- TASK GOAL
Could you transcribe exactly the lines below, from the line with "1947 Poul Cadovius" through the line with "Произведено разделение квартиры", and nothing else, leaving out the pictures?

====== DATASET CONTENT ======

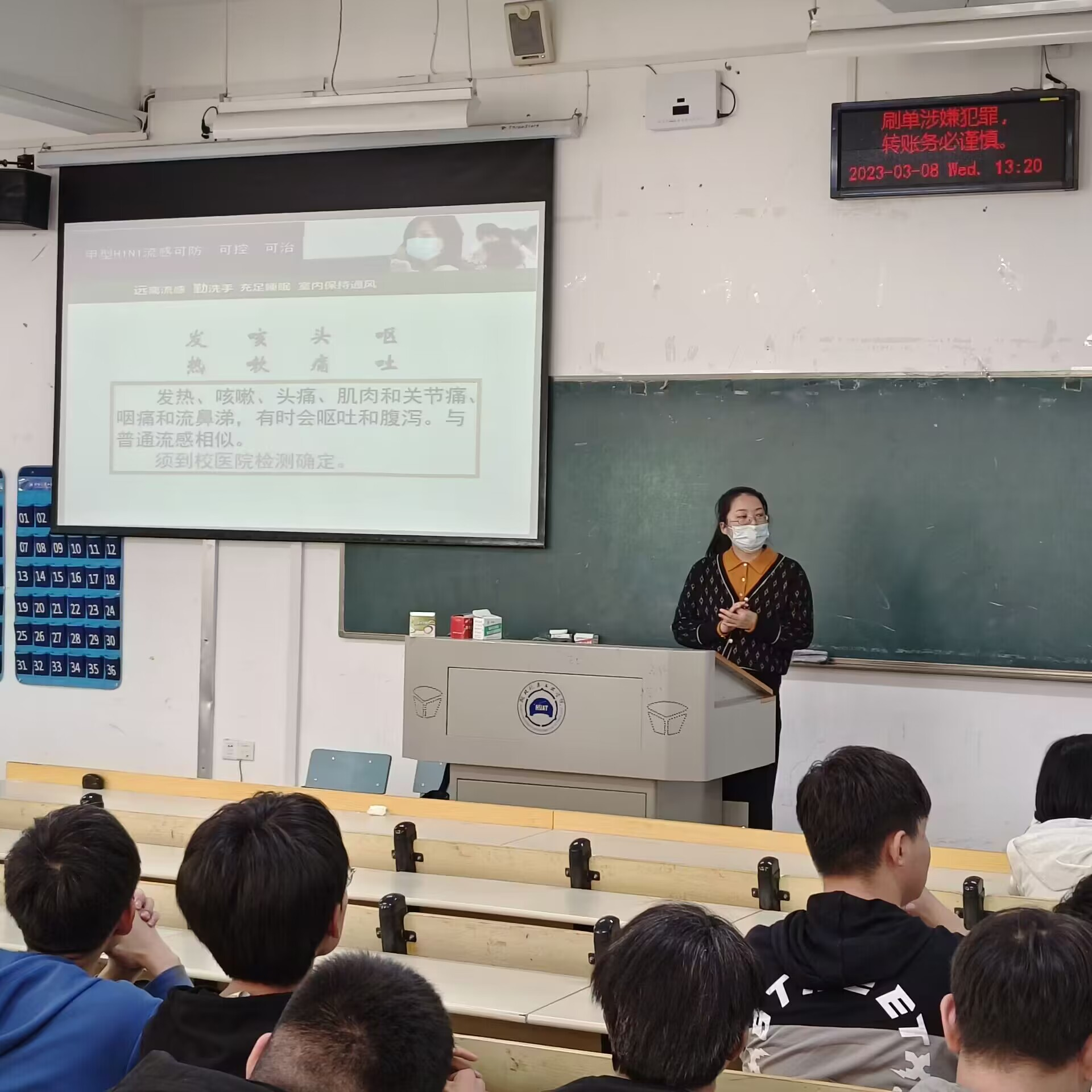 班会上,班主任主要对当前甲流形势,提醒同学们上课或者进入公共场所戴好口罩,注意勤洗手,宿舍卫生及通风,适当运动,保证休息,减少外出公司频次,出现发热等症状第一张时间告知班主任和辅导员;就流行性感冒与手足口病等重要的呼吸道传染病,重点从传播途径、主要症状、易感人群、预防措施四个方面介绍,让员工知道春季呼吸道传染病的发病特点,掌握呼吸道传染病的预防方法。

======
====== DATASET CONTENT ======

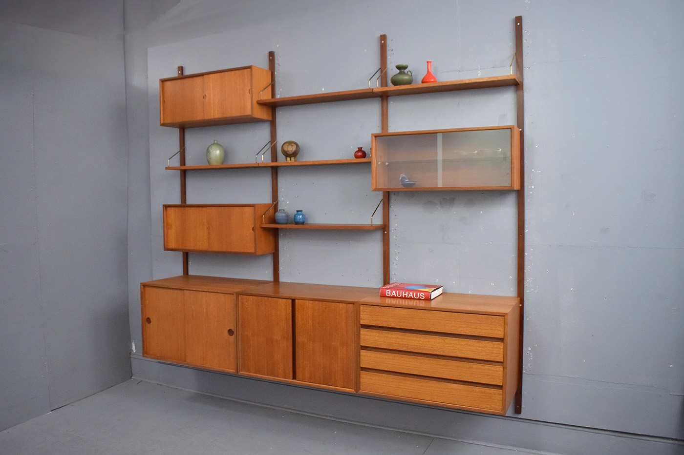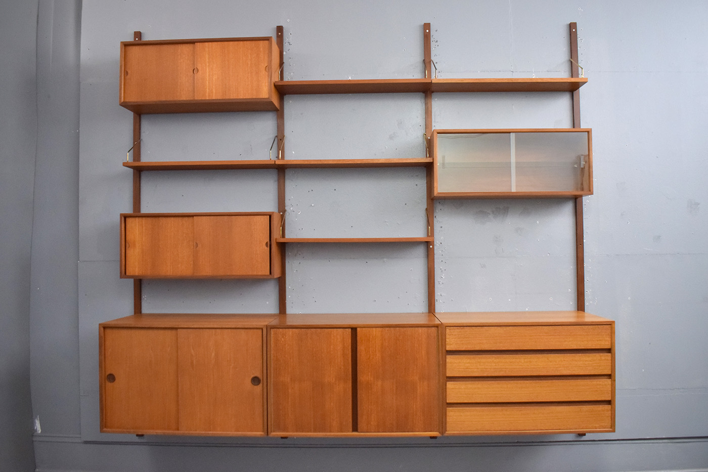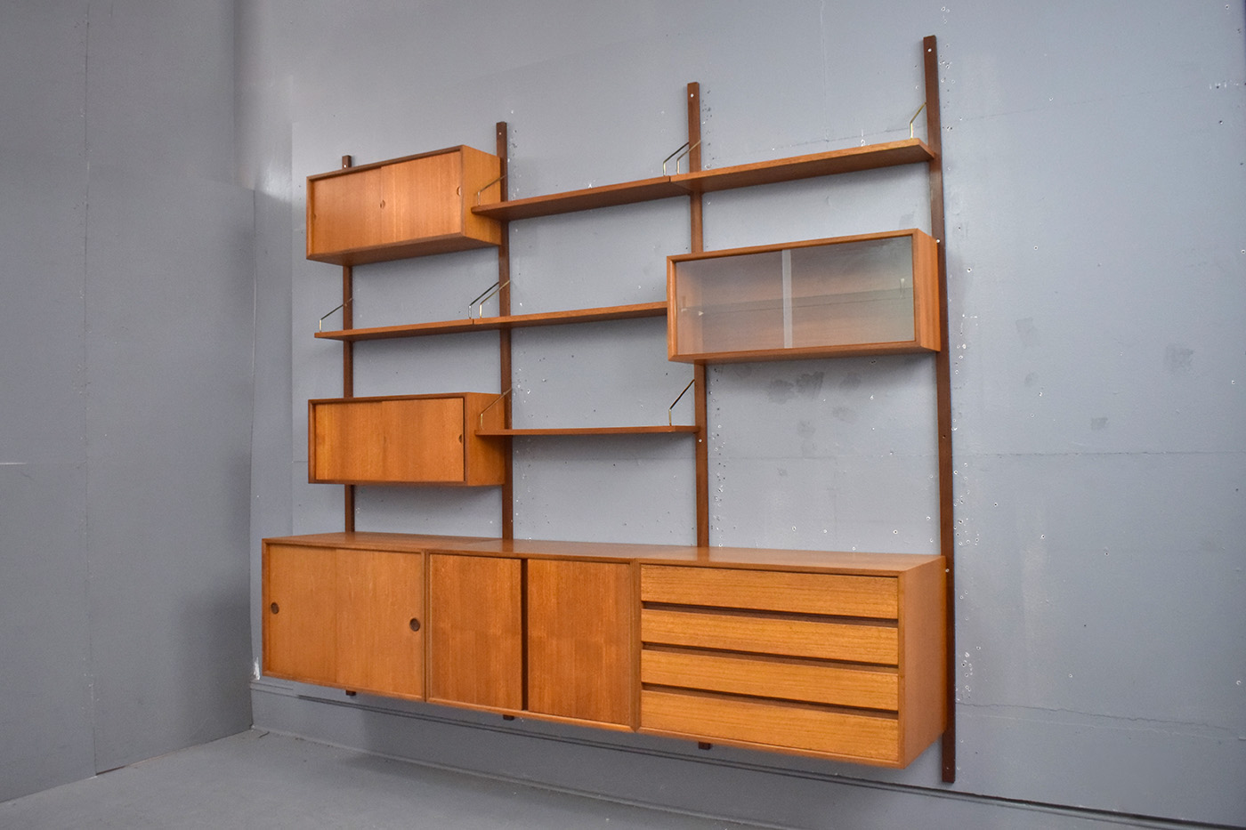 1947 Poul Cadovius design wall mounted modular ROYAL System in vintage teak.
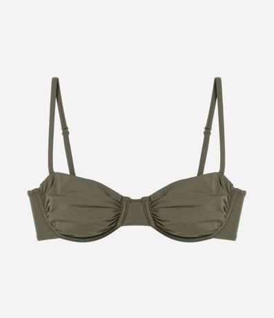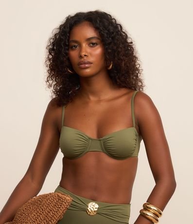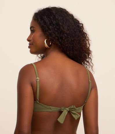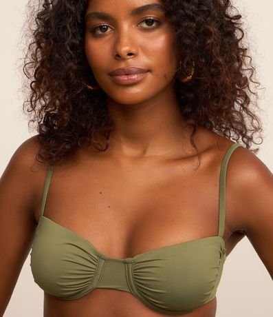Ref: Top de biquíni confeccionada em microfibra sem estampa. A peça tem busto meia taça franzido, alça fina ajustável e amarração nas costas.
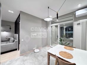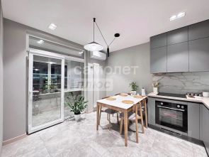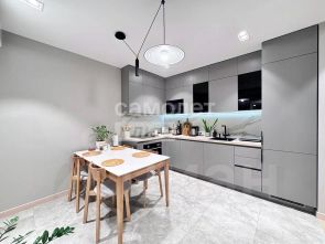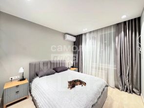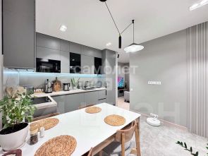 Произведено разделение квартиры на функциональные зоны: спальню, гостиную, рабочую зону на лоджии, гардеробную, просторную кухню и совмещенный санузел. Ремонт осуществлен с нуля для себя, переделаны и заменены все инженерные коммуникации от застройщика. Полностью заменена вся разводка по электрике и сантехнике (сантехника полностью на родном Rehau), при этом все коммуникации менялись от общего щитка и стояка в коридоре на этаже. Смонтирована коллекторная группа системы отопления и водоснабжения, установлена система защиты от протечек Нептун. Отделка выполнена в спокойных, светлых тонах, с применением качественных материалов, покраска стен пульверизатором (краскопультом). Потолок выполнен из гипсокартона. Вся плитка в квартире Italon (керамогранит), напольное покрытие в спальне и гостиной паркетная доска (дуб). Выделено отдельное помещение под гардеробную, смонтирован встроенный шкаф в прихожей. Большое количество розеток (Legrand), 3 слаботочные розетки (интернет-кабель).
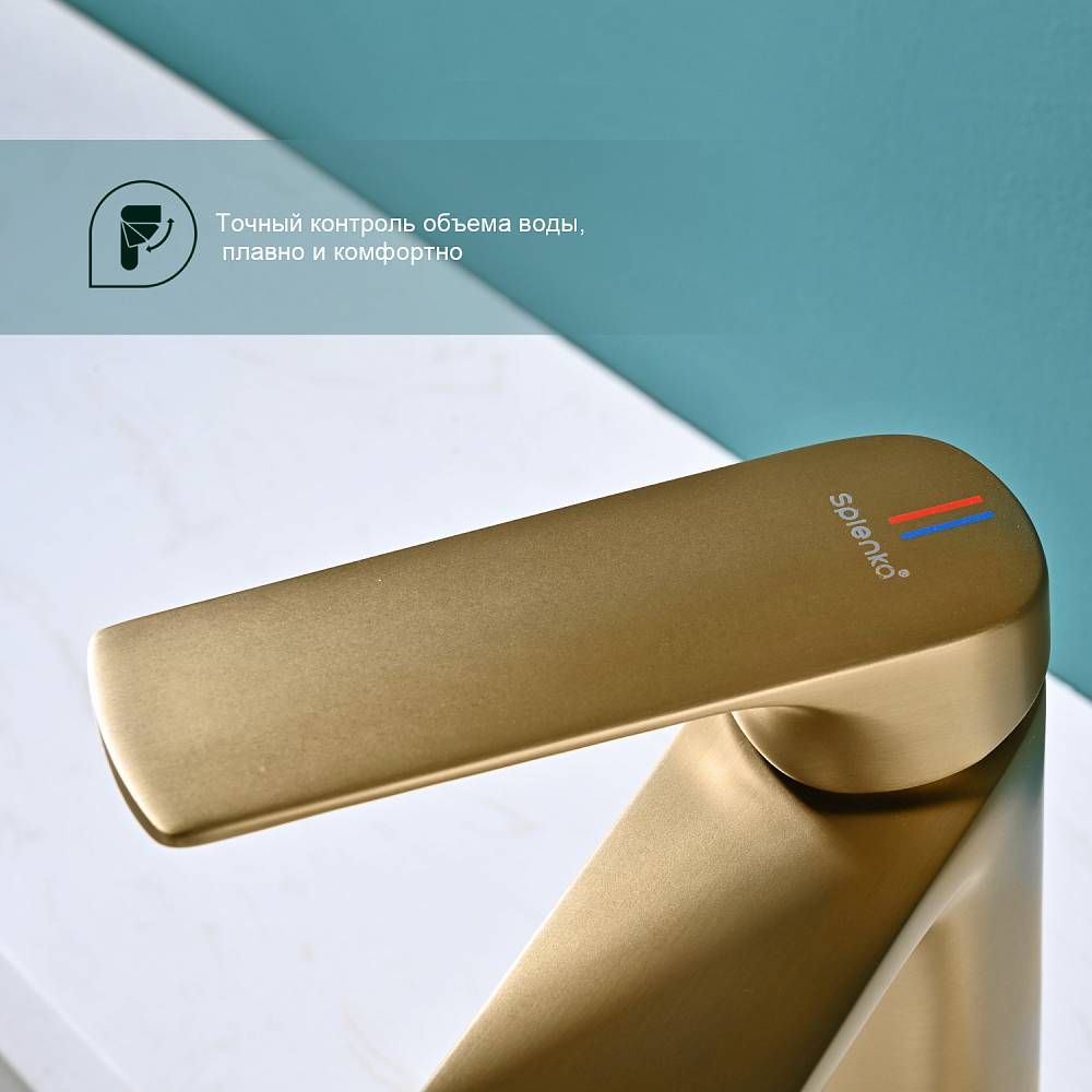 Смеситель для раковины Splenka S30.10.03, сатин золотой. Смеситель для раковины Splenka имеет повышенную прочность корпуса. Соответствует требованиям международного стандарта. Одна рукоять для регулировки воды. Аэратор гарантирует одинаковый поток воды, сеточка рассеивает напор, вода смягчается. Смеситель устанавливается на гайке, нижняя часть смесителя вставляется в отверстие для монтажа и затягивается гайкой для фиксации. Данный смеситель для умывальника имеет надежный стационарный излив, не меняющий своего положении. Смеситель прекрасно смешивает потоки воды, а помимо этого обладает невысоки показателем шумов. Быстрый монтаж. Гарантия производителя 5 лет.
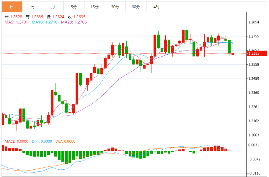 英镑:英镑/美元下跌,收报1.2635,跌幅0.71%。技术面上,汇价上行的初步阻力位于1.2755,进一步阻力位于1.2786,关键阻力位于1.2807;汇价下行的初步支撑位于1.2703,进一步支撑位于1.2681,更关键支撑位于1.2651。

======

- RESPONSE BELOW
 1947 Poul Cadovius design wall mounted modular ROYAL System in vintage teak.
Ref: Top de biquíni confeccionada em microfibra sem estampa. A peça tem busto meia taça franzido, alça fina ajustável e amarração nas costas.
 Произведено разделение квартиры на функциональные зоны: спальню, гостиную, рабочую зону на лоджии, гардеробную, просторную кухню и совмещенный санузел. Ремонт осуществлен с нуля для себя, переделаны и заменены все инженерные коммуникации от застройщика. Полностью заменена вся разводка по электрике и сантехнике (сантехника полностью на родном Rehau), при этом все коммуникации менялись от общего щитка и стояка в коридоре на этаже. Смонтирована коллекторная группа системы отопления и водоснабжения, установлена система защиты от протечек Нептун. Отделка выполнена в спокойных, светлых тонах, с применением качественных материалов, покраска стен пульверизатором (краскопультом). Потолок выполнен из гипсокартона. Вся плитка в квартире Italon (керамогранит), напольное покрытие в спальне и гостиной паркетная доска (дуб). Выделено отдельное помещение под гардеробную, смонтирован встроенный шкаф в прихожей. Большое количество розеток (Legrand), 3 слаботочные розетки (интернет-кабель).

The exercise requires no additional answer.